- **EXERCISE OBJECTIVE**: All of the data below should be output exactly as given.

- **DATASET ENTRIES**:
[Start of section]

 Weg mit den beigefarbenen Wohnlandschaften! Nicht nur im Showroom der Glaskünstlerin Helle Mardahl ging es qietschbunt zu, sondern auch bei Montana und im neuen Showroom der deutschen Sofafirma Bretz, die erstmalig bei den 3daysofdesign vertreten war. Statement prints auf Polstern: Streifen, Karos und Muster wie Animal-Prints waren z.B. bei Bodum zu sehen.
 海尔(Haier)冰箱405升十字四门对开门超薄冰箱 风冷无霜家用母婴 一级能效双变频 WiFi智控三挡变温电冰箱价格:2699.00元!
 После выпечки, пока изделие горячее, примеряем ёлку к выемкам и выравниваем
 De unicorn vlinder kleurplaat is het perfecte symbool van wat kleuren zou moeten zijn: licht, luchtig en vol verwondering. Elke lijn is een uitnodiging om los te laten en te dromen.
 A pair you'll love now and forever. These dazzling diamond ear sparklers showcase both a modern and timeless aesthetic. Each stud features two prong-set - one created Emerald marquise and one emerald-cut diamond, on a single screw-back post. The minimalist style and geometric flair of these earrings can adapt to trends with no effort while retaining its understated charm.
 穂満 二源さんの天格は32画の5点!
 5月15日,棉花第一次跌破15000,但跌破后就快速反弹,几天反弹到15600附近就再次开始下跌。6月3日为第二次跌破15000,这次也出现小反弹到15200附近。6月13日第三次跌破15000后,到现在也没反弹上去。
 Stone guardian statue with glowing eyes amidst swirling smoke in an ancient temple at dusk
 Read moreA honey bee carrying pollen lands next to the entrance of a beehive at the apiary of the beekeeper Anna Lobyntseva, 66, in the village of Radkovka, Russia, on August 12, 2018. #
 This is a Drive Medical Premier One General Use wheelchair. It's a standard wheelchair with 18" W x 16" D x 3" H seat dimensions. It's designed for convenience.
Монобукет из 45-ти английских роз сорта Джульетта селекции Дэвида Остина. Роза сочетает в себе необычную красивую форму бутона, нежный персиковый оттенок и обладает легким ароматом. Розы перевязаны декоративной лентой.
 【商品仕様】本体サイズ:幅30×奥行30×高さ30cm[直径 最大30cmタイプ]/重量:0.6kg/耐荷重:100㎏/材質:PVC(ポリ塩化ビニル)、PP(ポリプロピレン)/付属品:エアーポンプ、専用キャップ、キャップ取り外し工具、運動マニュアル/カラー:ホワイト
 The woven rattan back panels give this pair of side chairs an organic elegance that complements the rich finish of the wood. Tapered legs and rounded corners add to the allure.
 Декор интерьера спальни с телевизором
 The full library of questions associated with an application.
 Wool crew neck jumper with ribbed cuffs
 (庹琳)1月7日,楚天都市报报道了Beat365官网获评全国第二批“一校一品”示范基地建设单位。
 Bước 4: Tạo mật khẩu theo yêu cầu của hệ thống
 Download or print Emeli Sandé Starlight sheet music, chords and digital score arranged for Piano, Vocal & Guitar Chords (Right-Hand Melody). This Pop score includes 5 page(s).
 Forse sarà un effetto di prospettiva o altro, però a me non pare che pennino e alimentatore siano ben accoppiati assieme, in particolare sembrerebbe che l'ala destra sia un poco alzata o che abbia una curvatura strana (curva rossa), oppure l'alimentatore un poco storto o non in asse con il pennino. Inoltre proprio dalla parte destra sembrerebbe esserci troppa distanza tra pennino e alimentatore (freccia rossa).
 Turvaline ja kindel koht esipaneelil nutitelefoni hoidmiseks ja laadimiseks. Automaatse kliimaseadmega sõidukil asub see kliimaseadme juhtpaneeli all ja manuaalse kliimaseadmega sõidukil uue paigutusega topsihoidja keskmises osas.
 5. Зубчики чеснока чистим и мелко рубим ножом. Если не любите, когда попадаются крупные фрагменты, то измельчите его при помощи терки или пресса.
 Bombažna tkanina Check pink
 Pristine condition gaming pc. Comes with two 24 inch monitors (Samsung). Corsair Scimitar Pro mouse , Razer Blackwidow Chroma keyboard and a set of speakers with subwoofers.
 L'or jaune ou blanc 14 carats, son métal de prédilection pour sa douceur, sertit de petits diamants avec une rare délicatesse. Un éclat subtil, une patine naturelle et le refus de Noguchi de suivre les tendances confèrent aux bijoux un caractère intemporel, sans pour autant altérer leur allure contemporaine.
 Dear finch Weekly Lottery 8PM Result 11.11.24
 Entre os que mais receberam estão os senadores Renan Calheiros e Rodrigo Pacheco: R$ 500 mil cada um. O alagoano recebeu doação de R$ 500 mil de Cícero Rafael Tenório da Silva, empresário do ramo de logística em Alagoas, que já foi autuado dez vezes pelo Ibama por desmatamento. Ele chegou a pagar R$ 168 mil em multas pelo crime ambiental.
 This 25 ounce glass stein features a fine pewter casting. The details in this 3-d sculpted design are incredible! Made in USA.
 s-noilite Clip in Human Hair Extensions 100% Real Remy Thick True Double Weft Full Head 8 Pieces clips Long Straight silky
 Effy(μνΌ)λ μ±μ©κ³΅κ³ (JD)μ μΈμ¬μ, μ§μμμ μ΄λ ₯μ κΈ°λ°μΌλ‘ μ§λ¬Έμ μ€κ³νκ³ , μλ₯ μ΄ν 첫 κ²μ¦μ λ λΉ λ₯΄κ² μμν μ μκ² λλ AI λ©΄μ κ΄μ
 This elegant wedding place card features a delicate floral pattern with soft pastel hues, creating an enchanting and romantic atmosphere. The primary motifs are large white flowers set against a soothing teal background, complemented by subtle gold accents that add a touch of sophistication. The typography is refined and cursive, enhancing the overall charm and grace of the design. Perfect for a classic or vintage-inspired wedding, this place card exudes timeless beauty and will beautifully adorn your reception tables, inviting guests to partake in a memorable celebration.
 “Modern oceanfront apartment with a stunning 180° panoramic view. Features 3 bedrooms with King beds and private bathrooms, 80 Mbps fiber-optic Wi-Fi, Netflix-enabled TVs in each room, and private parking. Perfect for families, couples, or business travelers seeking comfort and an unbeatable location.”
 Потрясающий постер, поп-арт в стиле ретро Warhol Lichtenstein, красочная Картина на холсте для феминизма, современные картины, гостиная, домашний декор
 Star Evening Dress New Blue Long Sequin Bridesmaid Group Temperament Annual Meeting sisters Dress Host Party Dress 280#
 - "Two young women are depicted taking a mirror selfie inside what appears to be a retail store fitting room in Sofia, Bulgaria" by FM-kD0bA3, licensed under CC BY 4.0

[End of section]

- **SOLUTION TO THIS EXERCISE**:
 Weg mit den beigefarbenen Wohnlandschaften! Nicht nur im Showroom der Glaskünstlerin Helle Mardahl ging es qietschbunt zu, sondern auch bei Montana und im neuen Showroom der deutschen Sofafirma Bretz, die erstmalig bei den 3daysofdesign vertreten war. Statement prints auf Polstern: Streifen, Karos und Muster wie Animal-Prints waren z.B. bei Bodum zu sehen.
 海尔(Haier)冰箱405升十字四门对开门超薄冰箱 风冷无霜家用母婴 一级能效双变频 WiFi智控三挡变温电冰箱价格:2699.00元!
 После выпечки, пока изделие горячее, примеряем ёлку к выемкам и выравниваем
 De unicorn vlinder kleurplaat is het perfecte symbool van wat kleuren zou moeten zijn: licht, luchtig en vol verwondering. Elke lijn is een uitnodiging om los te laten en te dromen.
 A pair you'll love now and forever. These dazzling diamond ear sparklers showcase both a modern and timeless aesthetic. Each stud features two prong-set - one created Emerald marquise and one emerald-cut diamond, on a single screw-back post. The minimalist style and geometric flair of these earrings can adapt to trends with no effort while retaining its understated charm.
 穂満 二源さんの天格は32画の5点!
 5月15日,棉花第一次跌破15000,但跌破后就快速反弹,几天反弹到15600附近就再次开始下跌。6月3日为第二次跌破15000,这次也出现小反弹到15200附近。6月13日第三次跌破15000后,到现在也没反弹上去。
 Stone guardian statue with glowing eyes amidst swirling smoke in an ancient temple at dusk
 Read moreA honey bee carrying pollen lands next to the entrance of a beehive at the apiary of the beekeeper Anna Lobyntseva, 66, in the village of Radkovka, Russia, on August 12, 2018. #
 This is a Drive Medical Premier One General Use wheelchair. It's a standard wheelchair with 18" W x 16" D x 3" H seat dimensions. It's designed for convenience.
Монобукет из 45-ти английских роз сорта Джульетта селекции Дэвида Остина. Роза сочетает в себе необычную красивую форму бутона, нежный персиковый оттенок и обладает легким ароматом. Розы перевязаны декоративной лентой.
 【商品仕様】本体サイズ:幅30×奥行30×高さ30cm[直径 最大30cmタイプ]/重量:0.6kg/耐荷重:100㎏/材質:PVC(ポリ塩化ビニル)、PP(ポリプロピレン)/付属品:エアーポンプ、専用キャップ、キャップ取り外し工具、運動マニュアル/カラー:ホワイト
 The woven rattan back panels give this pair of side chairs an organic elegance that complements the rich finish of the wood. Tapered legs and rounded corners add to the allure.
 Декор интерьера спальни с телевизором
 The full library of questions associated with an application.
 Wool crew neck jumper with ribbed cuffs
 (庹琳)1月7日,楚天都市报报道了Beat365官网获评全国第二批“一校一品”示范基地建设单位。
 Bước 4: Tạo mật khẩu theo yêu cầu của hệ thống
 Download or print Emeli Sandé Starlight sheet music, chords and digital score arranged for Piano, Vocal & Guitar Chords (Right-Hand Melody). This Pop score includes 5 page(s).
 Forse sarà un effetto di prospettiva o altro, però a me non pare che pennino e alimentatore siano ben accoppiati assieme, in particolare sembrerebbe che l'ala destra sia un poco alzata o che abbia una curvatura strana (curva rossa), oppure l'alimentatore un poco storto o non in asse con il pennino. Inoltre proprio dalla parte destra sembrerebbe esserci troppa distanza tra pennino e alimentatore (freccia rossa).
 Turvaline ja kindel koht esipaneelil nutitelefoni hoidmiseks ja laadimiseks. Automaatse kliimaseadmega sõidukil asub see kliimaseadme juhtpaneeli all ja manuaalse kliimaseadmega sõidukil uue paigutusega topsihoidja keskmises osas.
 5. Зубчики чеснока чистим и мелко рубим ножом. Если не любите, когда попадаются крупные фрагменты, то измельчите его при помощи терки или пресса.
 Bombažna tkanina Check pink
 Pristine condition gaming pc. Comes with two 24 inch monitors (Samsung). Corsair Scimitar Pro mouse , Razer Blackwidow Chroma keyboard and a set of speakers with subwoofers.
 L'or jaune ou blanc 14 carats, son métal de prédilection pour sa douceur, sertit de petits diamants avec une rare délicatesse. Un éclat subtil, une patine naturelle et le refus de Noguchi de suivre les tendances confèrent aux bijoux un caractère intemporel, sans pour autant altérer leur allure contemporaine.
 Dear finch Weekly Lottery 8PM Result 11.11.24
 Entre os que mais receberam estão os senadores Renan Calheiros e Rodrigo Pacheco: R$ 500 mil cada um. O alagoano recebeu doação de R$ 500 mil de Cícero Rafael Tenório da Silva, empresário do ramo de logística em Alagoas, que já foi autuado dez vezes pelo Ibama por desmatamento. Ele chegou a pagar R$ 168 mil em multas pelo crime ambiental.
 This 25 ounce glass stein features a fine pewter casting. The details in this 3-d sculpted design are incredible! Made in USA.
 s-noilite Clip in Human Hair Extensions 100% Real Remy Thick True Double Weft Full Head 8 Pieces clips Long Straight silky
 Effy(μνΌ)λ μ±μ©κ³΅κ³ (JD)μ μΈμ¬μ, μ§μμμ μ΄λ ₯μ κΈ°λ°μΌλ‘ μ§λ¬Έμ μ€κ³νκ³ , μλ₯ μ΄ν 첫 κ²μ¦μ λ λΉ λ₯΄κ² μμν μ μκ² λλ AI λ©΄μ κ΄μ
 This elegant wedding place card features a delicate floral pattern with soft pastel hues, creating an enchanting and romantic atmosphere. The primary motifs are large white flowers set against a soothing teal background, complemented by subtle gold accents that add a touch of sophistication. The typography is refined and cursive, enhancing the overall charm and grace of the design. Perfect for a classic or vintage-inspired wedding, this place card exudes timeless beauty and will beautifully adorn your reception tables, inviting guests to partake in a memorable celebration.
 “Modern oceanfront apartment with a stunning 180° panoramic view. Features 3 bedrooms with King beds and private bathrooms, 80 Mbps fiber-optic Wi-Fi, Netflix-enabled TVs in each room, and private parking. Perfect for families, couples, or business travelers seeking comfort and an unbeatable location.”
 Потрясающий постер, поп-арт в стиле ретро Warhol Lichtenstein, красочная Картина на холсте для феминизма, современные картины, гостиная, домашний декор
 Star Evening Dress New Blue Long Sequin Bridesmaid Group Temperament Annual Meeting sisters Dress Host Party Dress 280#
 - "Two young women are depicted taking a mirror selfie inside what appears to be a retail store fitting room in Sofia, Bulgaria" by FM-kD0bA3, licensed under CC BY 4.0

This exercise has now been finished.